Open sherlock-admin opened 1 year ago

sherlock-admin commented 1 year ago

n33k

high

Market: DoS when stuffed with pending protected positions

Summary

Market has no limit on how many protected position updates can be added into pending position update queue. When settling these pending position updates, transations can OOG revert. This fully bricks the protocol and funds will be locked forever.

Vulnerability Detail

In _invariant, there is a limit on the number of pending position updates.
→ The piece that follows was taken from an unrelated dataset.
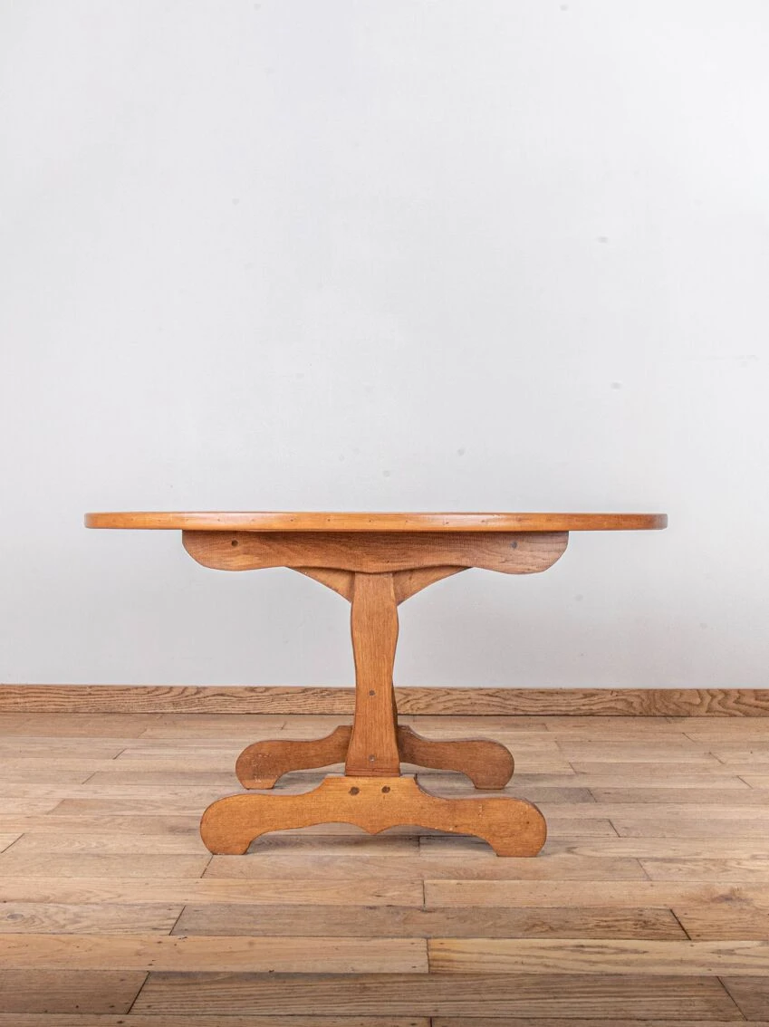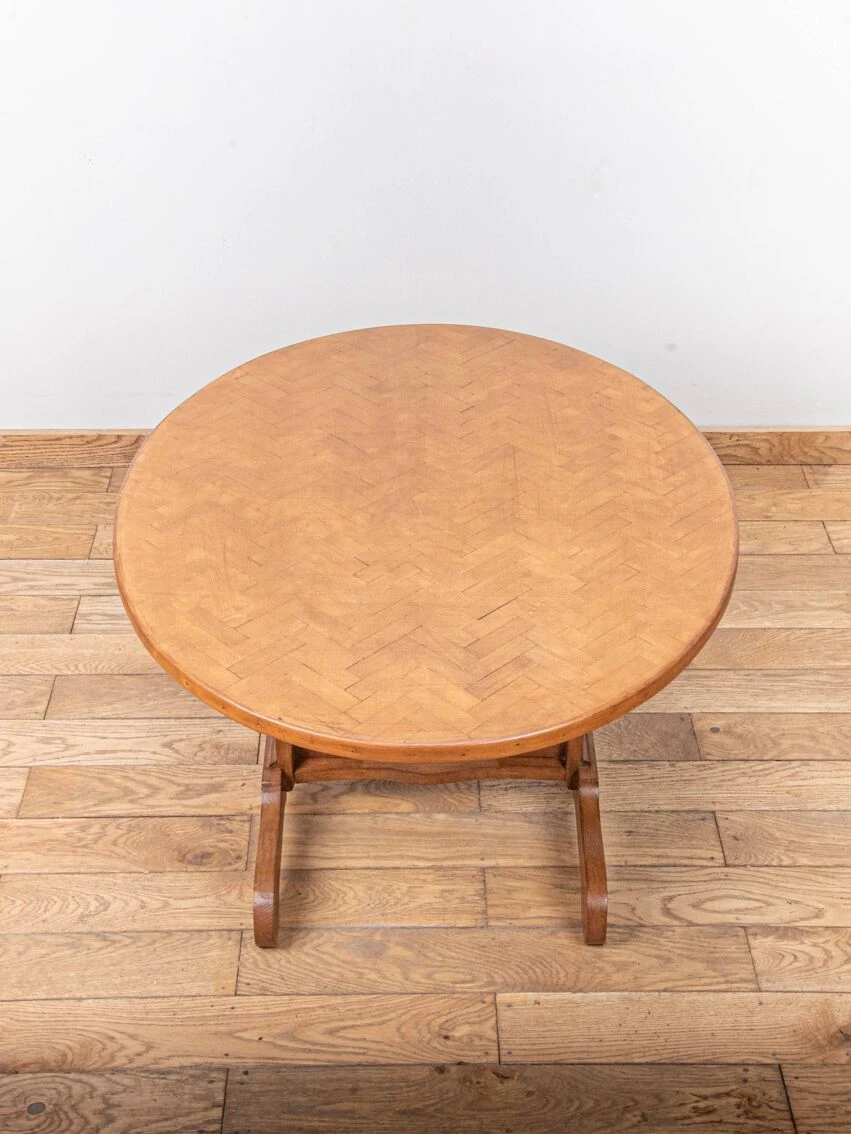 Old coffee table or side table inspired by winegrower’s tables, the top is made of old-fashioned parquet for a rare and unique result! The whole thing is made of solid oak and this table can also be used as a pedestal table for a vintage & country atmosphere. In very good condition, in its original condition and its wear over time. Dimensions (hxwxd): 49 x 91.3 x 70.7 cm. Delivery within 2 to 14 working days via cocolis carrier or free collection in store.

But for protected position updates, _invariant returns early and does not trigger this check.

    function _invariant(
        Context memory context,
        address account,
        Order memory newOrder,
        Fixed6 collateral,
        bool protected
    ) private view {
        ....

        if (protected) return; // The following invariants do not apply to protected position updates (liquidations)
        ....
            if (
            context.global.currentId > context.global.latestId + context.marketParameter.maxPendingGlobal ||
            context.local.currentId > context.local.latestId + context.marketParameter.maxPendingLocal
        ) revert MarketExceedsPendingIdLimitError();
        ....
    }

After the _invariant check, the postion updates will be added into pending position queues.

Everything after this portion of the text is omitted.